**Work request:** From the line with "Metal & Aluminum" to the line with "STACKING SOUP CUP SOUP CUP SAUCER", output every line below exactly, both ends included. Skip the pictures.

**Records for the exercise:**
-- Opening Marker --

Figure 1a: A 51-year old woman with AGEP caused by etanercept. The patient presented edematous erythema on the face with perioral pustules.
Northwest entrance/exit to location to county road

-- Closing Marker --
-- Opening Marker --

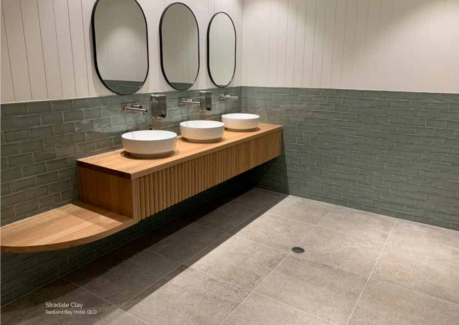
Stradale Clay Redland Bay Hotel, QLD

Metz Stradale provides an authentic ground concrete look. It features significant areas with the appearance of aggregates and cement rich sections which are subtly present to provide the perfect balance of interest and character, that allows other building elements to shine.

-- Closing Marker --
-- Opening Marker --

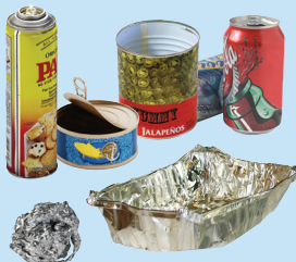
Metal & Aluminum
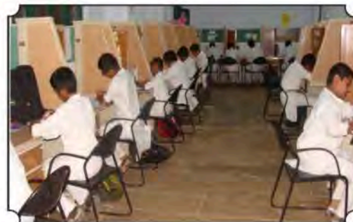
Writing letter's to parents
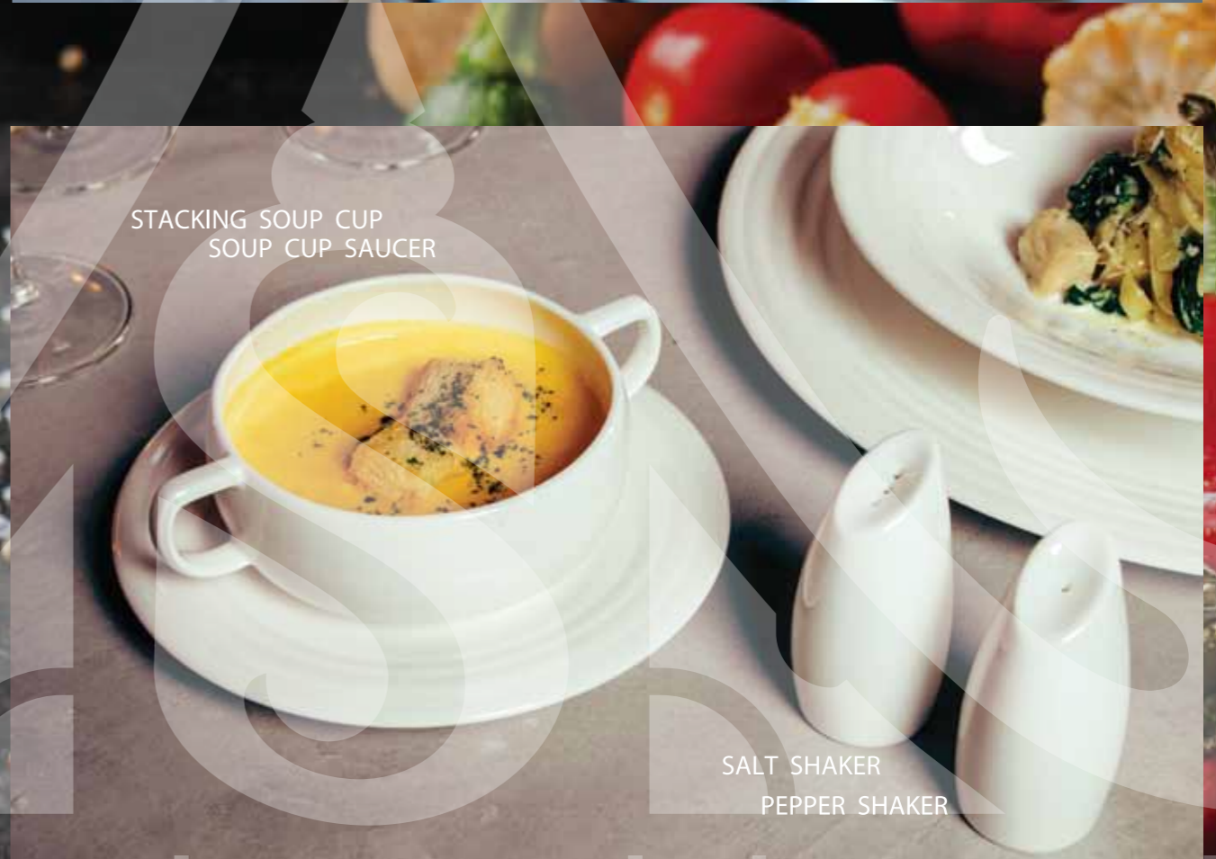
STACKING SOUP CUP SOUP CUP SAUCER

-- Closing Marker --

**Answer:**
Metal & Aluminum
Writing letter's to parents
STACKING SOUP CUP SOUP CUP SAUCER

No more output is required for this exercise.